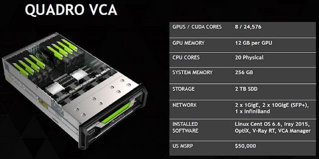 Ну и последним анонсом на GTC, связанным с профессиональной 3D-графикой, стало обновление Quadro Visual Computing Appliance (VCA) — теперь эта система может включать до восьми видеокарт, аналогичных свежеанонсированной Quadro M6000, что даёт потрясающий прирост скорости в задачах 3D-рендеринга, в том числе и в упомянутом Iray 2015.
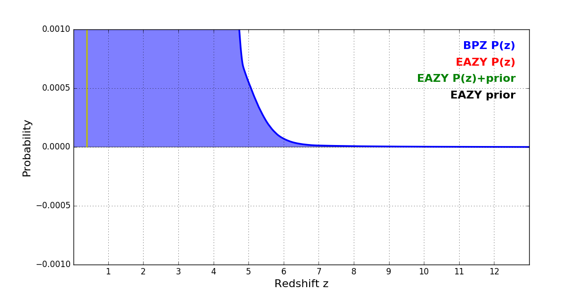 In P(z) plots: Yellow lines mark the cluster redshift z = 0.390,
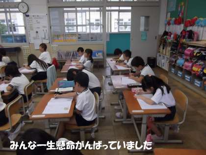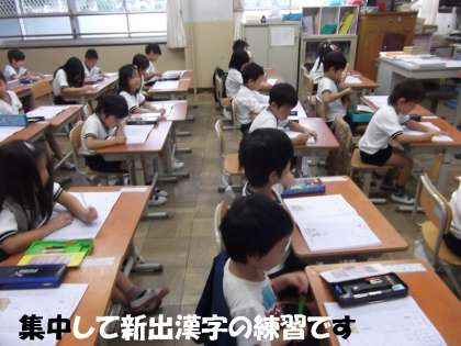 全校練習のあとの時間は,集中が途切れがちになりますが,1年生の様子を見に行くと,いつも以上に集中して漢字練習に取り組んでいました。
---
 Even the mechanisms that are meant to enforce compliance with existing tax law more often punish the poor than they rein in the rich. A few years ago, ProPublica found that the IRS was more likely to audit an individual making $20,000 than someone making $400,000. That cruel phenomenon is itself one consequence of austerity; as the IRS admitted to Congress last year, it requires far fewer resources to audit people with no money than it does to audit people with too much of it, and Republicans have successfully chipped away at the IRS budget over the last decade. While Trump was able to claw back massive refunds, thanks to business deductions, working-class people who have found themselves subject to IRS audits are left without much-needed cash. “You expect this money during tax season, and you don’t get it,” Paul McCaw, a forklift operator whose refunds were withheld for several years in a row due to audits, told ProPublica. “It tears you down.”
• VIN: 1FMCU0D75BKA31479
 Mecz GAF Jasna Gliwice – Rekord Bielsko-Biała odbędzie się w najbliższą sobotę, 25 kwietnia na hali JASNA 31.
* * *
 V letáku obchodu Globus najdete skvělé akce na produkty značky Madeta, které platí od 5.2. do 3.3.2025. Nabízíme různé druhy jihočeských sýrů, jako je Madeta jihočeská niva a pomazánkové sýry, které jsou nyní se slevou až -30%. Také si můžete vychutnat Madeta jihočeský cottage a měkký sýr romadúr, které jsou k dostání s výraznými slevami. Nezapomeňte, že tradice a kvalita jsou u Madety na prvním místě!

* Brief: Your copy should hold the lines from the one with "Ну и последним" up to and including the one with "全校練習のあとの時間は,集中", exactly as in the data above, and no pictures.

* Result for this task:
 Ну и последним анонсом на GTC, связанным с профессиональной 3D-графикой, стало обновление Quadro Visual Computing Appliance (VCA) — теперь эта система может включать до восьми видеокарт, аналогичных свежеанонсированной Quadro M6000, что даёт потрясающий прирост скорости в задачах 3D-рендеринга, в том числе и в упомянутом Iray 2015.
 In P(z) plots: Yellow lines mark the cluster redshift z = 0.390,
 全校練習のあとの時間は,集中が途切れがちになりますが,1年生の様子を見に行くと,いつも以上に集中して漢字練習に取り組んでいました。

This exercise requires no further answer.